Supplied information =>
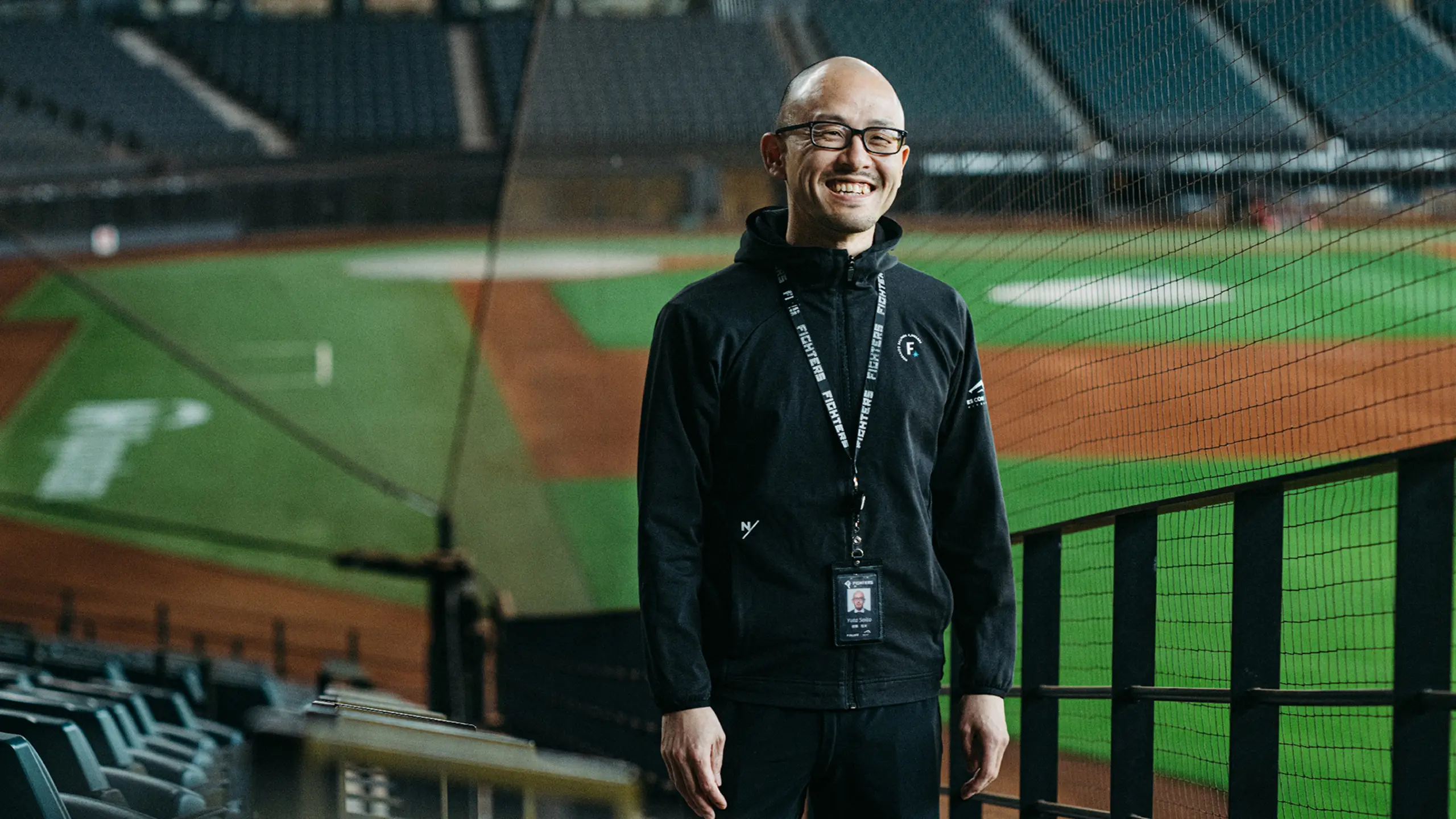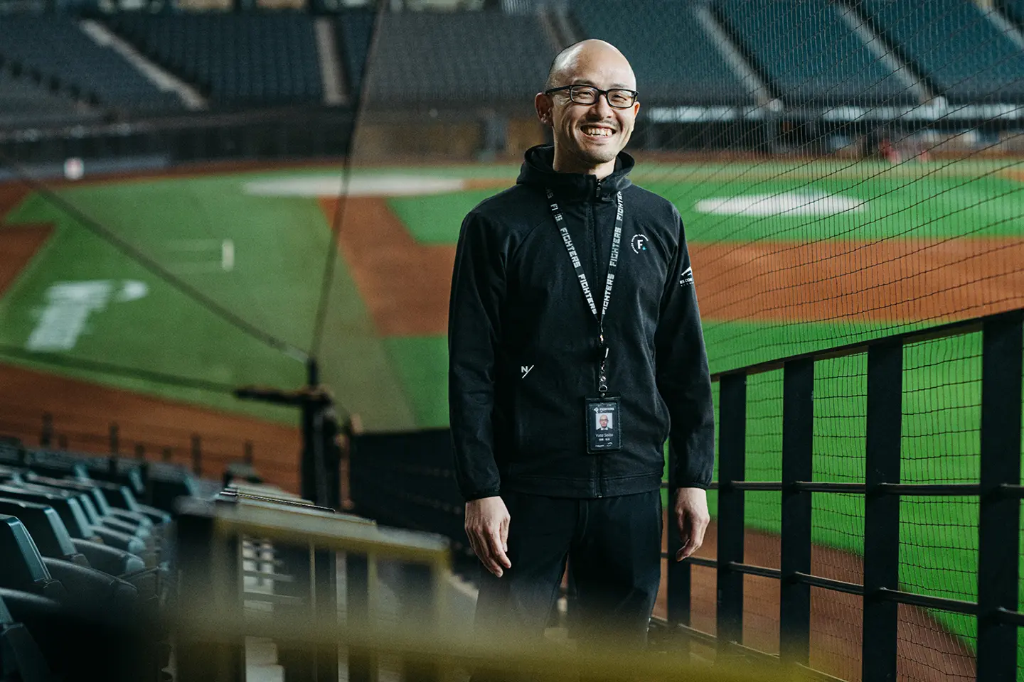 私は北海道日本ハムファイターズの新球場「エスコンフィールドHOKKAIDO」の施設管理・運営を担当しています。12社のパートナー企業と力を合わせて、建物や設備などのハード面の管理から、エネルギー、物流、警備、清掃、空調、除雪、駐車場の運営を通じ、選手に快適なプレー環境を、お客さまに快適な観戦環境をお届けするのが仕事です。
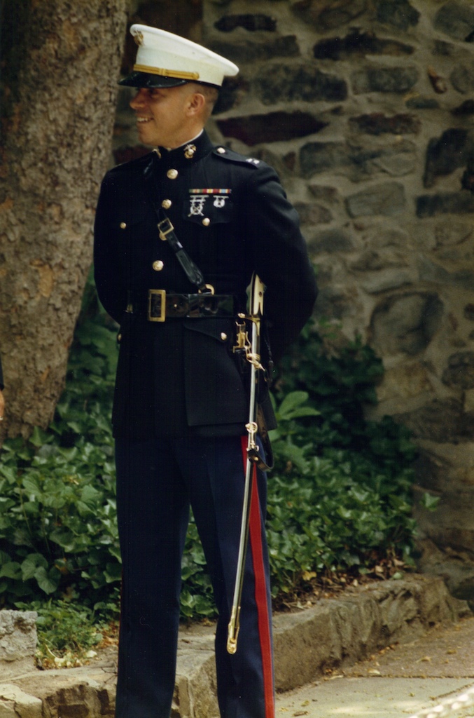 I loved my experiences at the Naval Academy and in the Marine Corps. It was a great honor to serve with and a privilege to lead the young men and women of the United States Marine Corps. At times, I found myself at odds with my gay life and the military life, so I was always very careful to keep them separate. I have always been grateful for the opportunities the Naval Academy and my military service have afforded me in the private sector, where I have been very successful and also now free to live as an openly gay man. My military career was in the fast track, I was punching all of the ‘right’ tickets, but it was becoming more and more difficult to lead separate lives. I served before the era of ‘Don’t ask, don’t tell’ and the hypocrisy of the ban finally got to me at my last command when, as the Officer of the Day, I had to sign the confining orders of a young Marine who just had been convicted in a General Court Martial of being a lesbian.
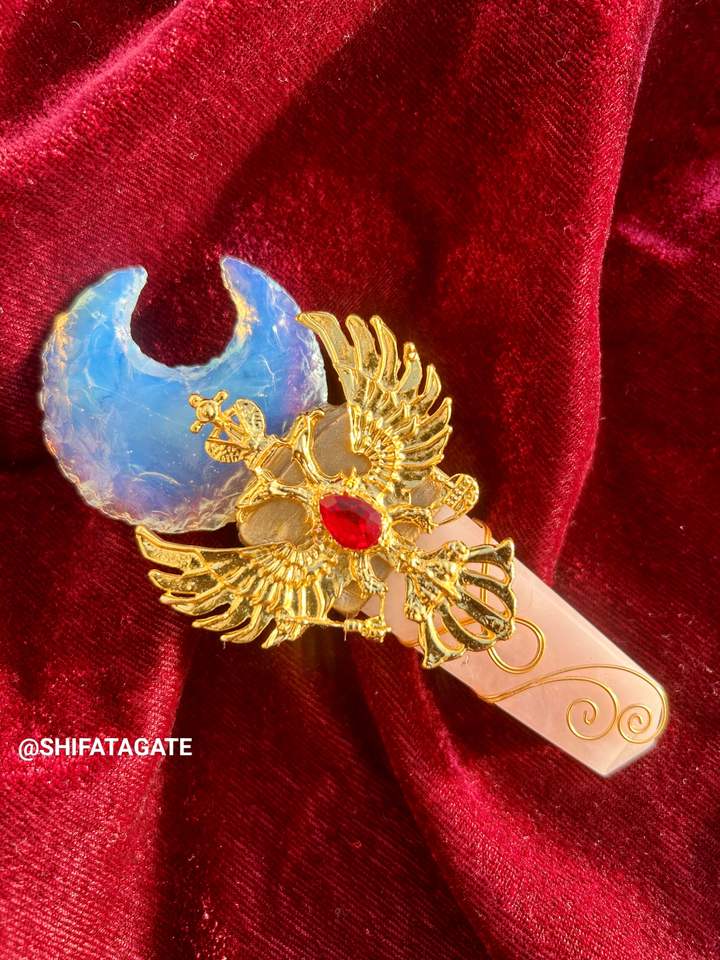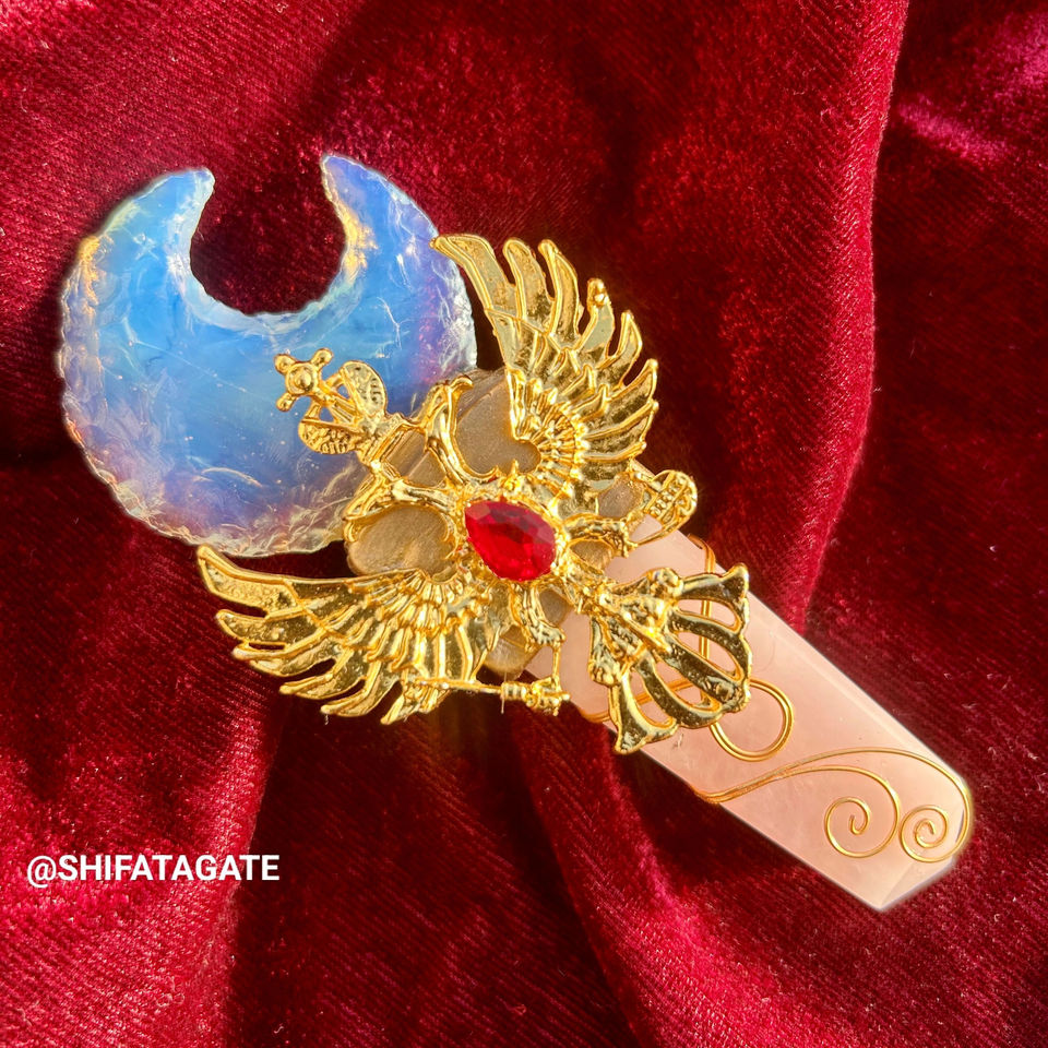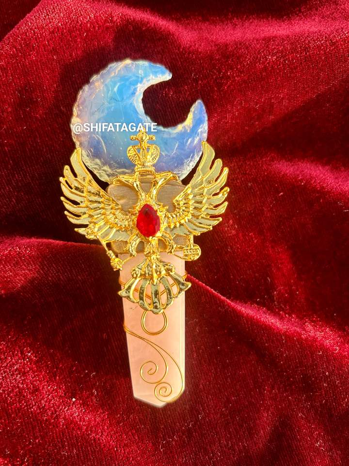 หินควอตซ์แกะสลักคุณภาพสูงไม้กายสิทธิ์โอปอลไลท์เสารักพระจันทร์เสี้ยวทองนกอินทรีคริสตัลรักษาธรรมชาติ
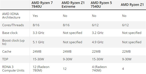 它们都有Zen4 CPU架构、RDNA3 GPU架构。其中,锐龙Z1、锐龙5 7540U都是6核心12线程、6MB二级缓存、16MB三级缓存、4个GPU单元。

Exercise goal => Transcribe the data word for word, with no images.

Written response =>
 私は北海道日本ハムファイターズの新球場「エスコンフィールドHOKKAIDO」の施設管理・運営を担当しています。12社のパートナー企業と力を合わせて、建物や設備などのハード面の管理から、エネルギー、物流、警備、清掃、空調、除雪、駐車場の運営を通じ、選手に快適なプレー環境を、お客さまに快適な観戦環境をお届けするのが仕事です。
 I loved my experiences at the Naval Academy and in the Marine Corps. It was a great honor to serve with and a privilege to lead the young men and women of the United States Marine Corps. At times, I found myself at odds with my gay life and the military life, so I was always very careful to keep them separate. I have always been grateful for the opportunities the Naval Academy and my military service have afforded me in the private sector, where I have been very successful and also now free to live as an openly gay man. My military career was in the fast track, I was punching all of the ‘right’ tickets, but it was becoming more and more difficult to lead separate lives. I served before the era of ‘Don’t ask, don’t tell’ and the hypocrisy of the ban finally got to me at my last command when, as the Officer of the Day, I had to sign the confining orders of a young Marine who just had been convicted in a General Court Martial of being a lesbian.
 หินควอตซ์แกะสลักคุณภาพสูงไม้กายสิทธิ์โอปอลไลท์เสารักพระจันทร์เสี้ยวทองนกอินทรีคริสตัลรักษาธรรมชาติ
 它们都有Zen4 CPU架构、RDNA3 GPU架构。其中,锐龙Z1、锐龙5 7540U都是6核心12线程、6MB二级缓存、16MB三级缓存、4个GPU单元。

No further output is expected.